Please visit the AJMQ website, http://ajm.sagepub.com/, for more information about the journal, or to view an issue free of charge.
Breakout sessions at last week’s Lucian Leape Forum included Dr. Lucian Leape himself, Paul O’Neill, Former Chairman and CEO, Alcoa, 72nd Secretary of the US Treasury and more. I had the long-awaited pleasure of hearing Paul O’Neill speak in person, during his breakout session entitled, Operationalizing, Disseminating and Implementing Joy & Meaning In Work and Workforce Safety, along with Julie Morath, RN, MS, President & CEO, Hospital Quality Institute of California.

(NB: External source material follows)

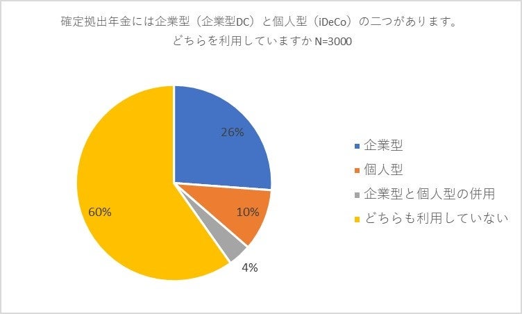 まず、全員に「確定拠出年金には企業型(企業型DC)と個人型(iDeCo)の二つがあります。どちらを利用していますか」と質問したところ、「どちらも利用していない」との回答が60パーセントで最多となりました。利用している方の中では「企業型」が26パーセントで最も多く、「個人型」が10パーセント、「企業型と個人型の併用」が4パーセントとの結果になりました。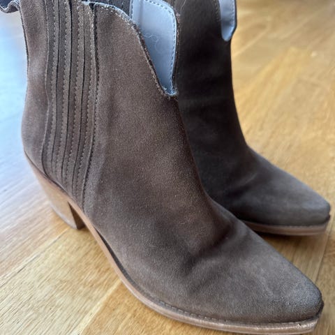 Brune skinnstøvletter fra Zara, str. 38. Made in Spain. Veldig sparsomt brukte. Høyde ca. 34 cm, høyde på hæl, ca. 7 cm.

O’Neill’s unwavering standards and expectations in business, and for healthcare, have been an inspiration for many. Therefore, it came as no surprise that he seemed irritated with our progress to date, pulling no punches when asking the group how many of us in the room knew the real-time facts about injury to the people who do the work in our hospitals, and, did a system currently exist to provide that information with a 24-hour lapse? No one in the room raised a hand, and he shared that only 6/100 in a recent audience responded affirmatively to the same questions.
“We’re too far away from this type of excellence,” he said, following with a story that while at Alcoa, the company’s screen saver included real-time safety data. When a particularly concerning near miss appeared on his screen one day, O’Neill picked up the phone and called the team in Russia where it had occurred, asking for more information about what had happened. The personal attention to this near miss resonated throughout the organization, furthering the culture and behaviors that make organizations stronger. It’s this type of response and awareness to healthcare professional harm, as well as patient harm, that will move us to where we need to be.
“Why can’t we do this (in healthcare)?” was O’Neill’s resounding and animated challenge, many in the room knowing full well why we have not. Healthcare culture, leadership that says one thing but fails to support the necessary changes at pivotal moments, inertia–all of these however, are choices made by leadership. Either you’re in or you’re out.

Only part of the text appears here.